PROBLEM TO WORK ON:
Would you set down the data that follows, word for word, without any pictures?

DATA BLOCK:
------

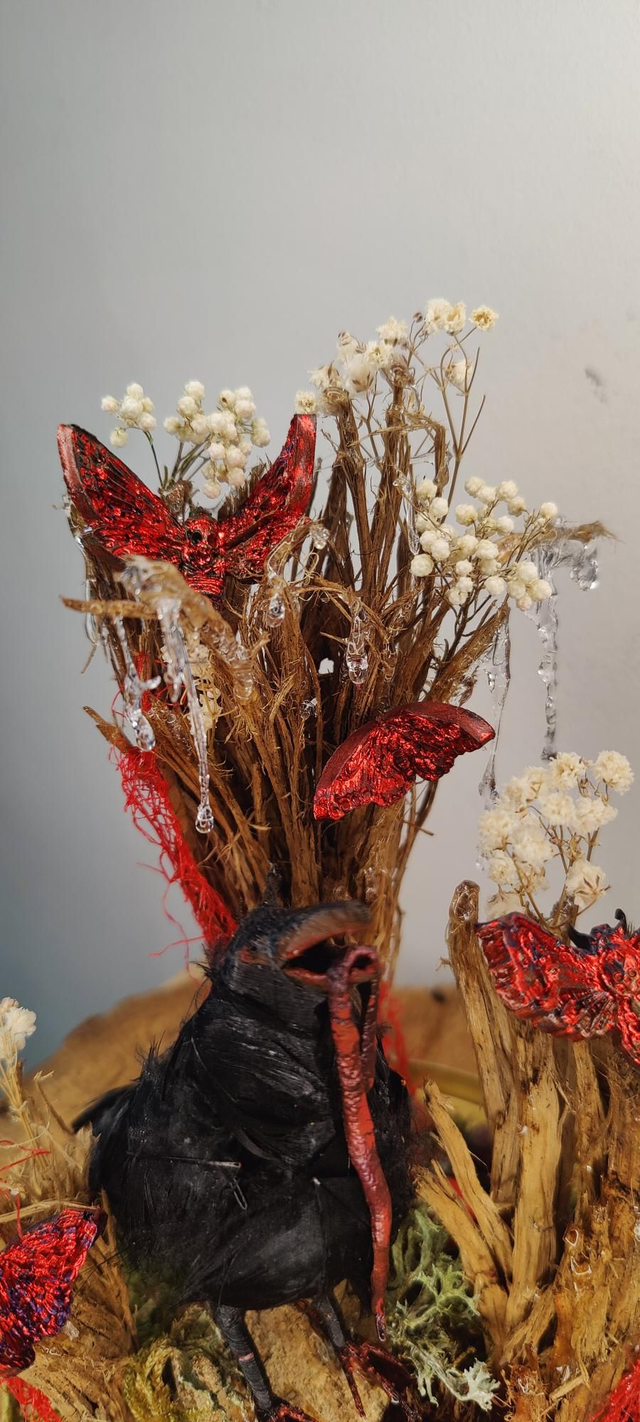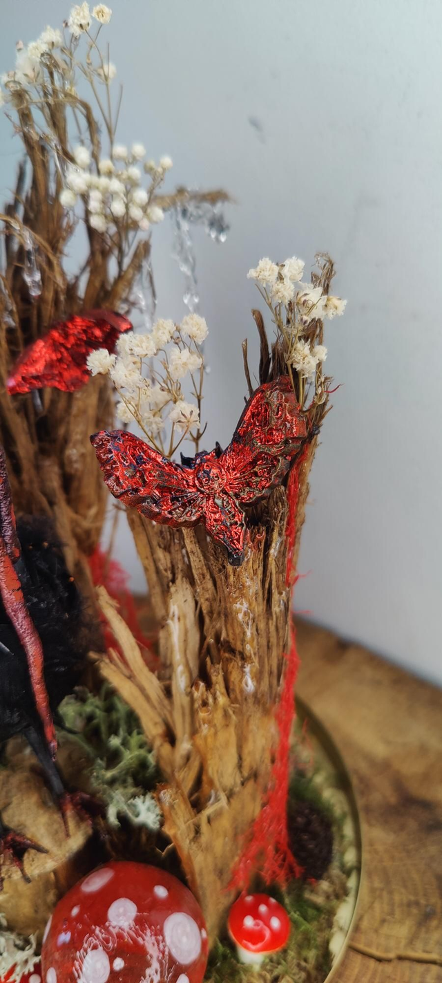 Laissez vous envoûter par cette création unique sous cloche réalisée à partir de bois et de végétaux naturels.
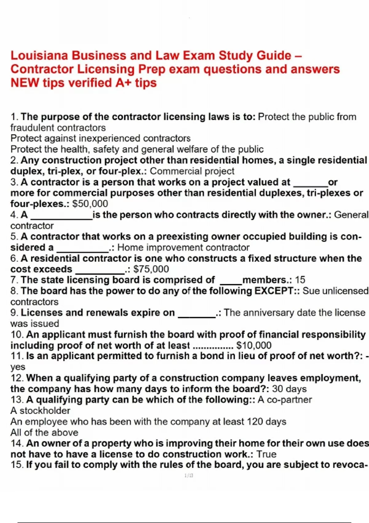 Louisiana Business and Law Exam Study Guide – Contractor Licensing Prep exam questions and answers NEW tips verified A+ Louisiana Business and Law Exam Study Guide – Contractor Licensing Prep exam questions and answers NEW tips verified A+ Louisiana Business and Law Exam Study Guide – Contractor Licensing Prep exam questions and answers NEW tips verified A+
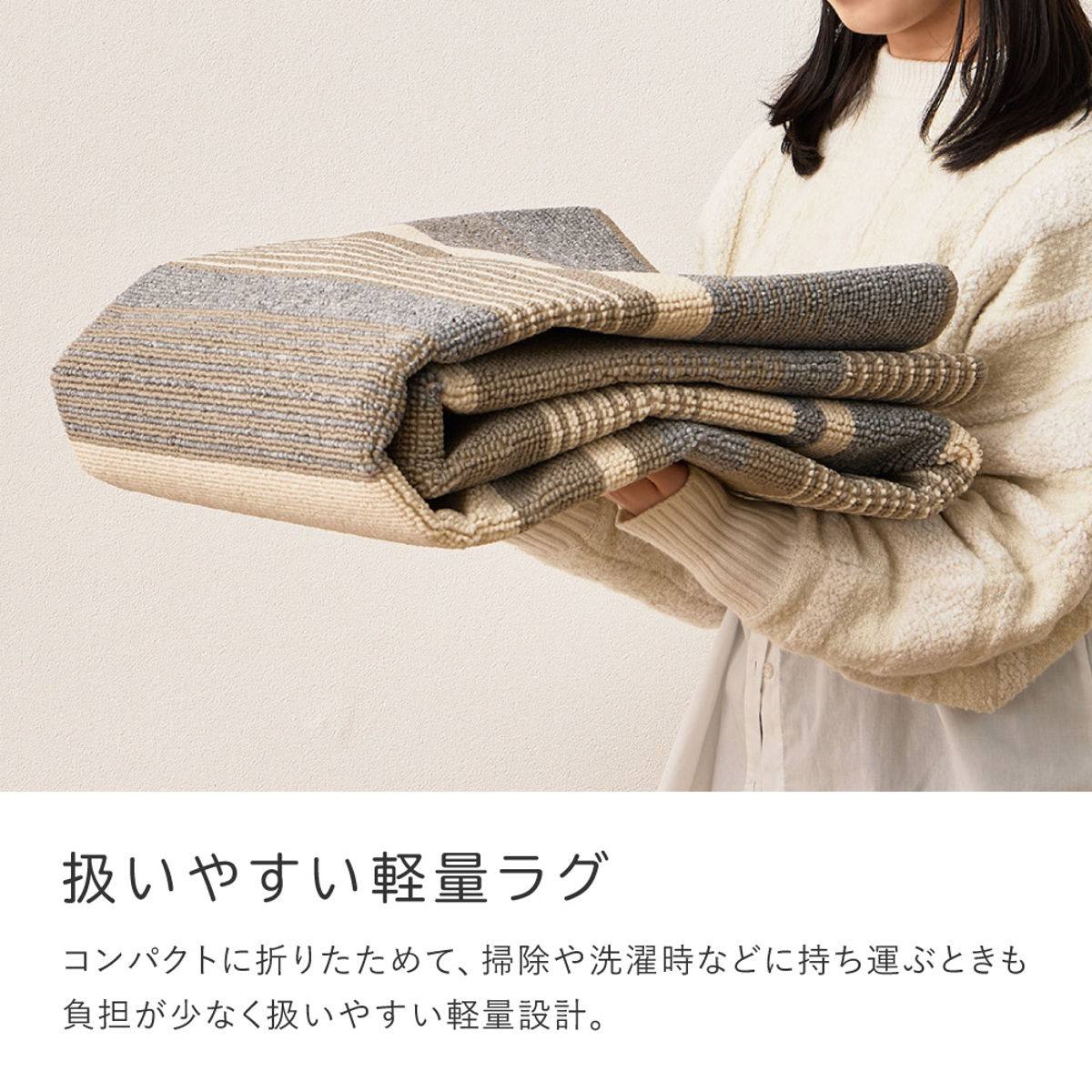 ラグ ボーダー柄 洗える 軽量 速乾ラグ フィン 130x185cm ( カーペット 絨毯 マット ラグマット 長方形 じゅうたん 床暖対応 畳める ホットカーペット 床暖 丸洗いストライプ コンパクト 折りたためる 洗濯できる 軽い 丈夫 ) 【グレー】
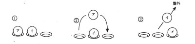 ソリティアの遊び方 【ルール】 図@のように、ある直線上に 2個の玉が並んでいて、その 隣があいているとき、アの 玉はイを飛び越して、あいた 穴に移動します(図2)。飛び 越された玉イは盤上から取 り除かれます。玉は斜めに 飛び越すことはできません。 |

------

RESULT FOR THIS TASK:
 Laissez vous envoûter par cette création unique sous cloche réalisée à partir de bois et de végétaux naturels.
 Louisiana Business and Law Exam Study Guide – Contractor Licensing Prep exam questions and answers NEW tips verified A+ Louisiana Business and Law Exam Study Guide – Contractor Licensing Prep exam questions and answers NEW tips verified A+ Louisiana Business and Law Exam Study Guide – Contractor Licensing Prep exam questions and answers NEW tips verified A+
 ラグ ボーダー柄 洗える 軽量 速乾ラグ フィン 130x185cm ( カーペット 絨毯 マット ラグマット 長方形 じゅうたん 床暖対応 畳める ホットカーペット 床暖 丸洗いストライプ コンパクト 折りたためる 洗濯できる 軽い 丈夫 ) 【グレー】
 ソリティアの遊び方 【ルール】 図@のように、ある直線上に 2個の玉が並んでいて、その 隣があいているとき、アの 玉はイを飛び越して、あいた 穴に移動します(図2)。飛び 越された玉イは盤上から取 り除かれます。玉は斜めに 飛び越すことはできません。 |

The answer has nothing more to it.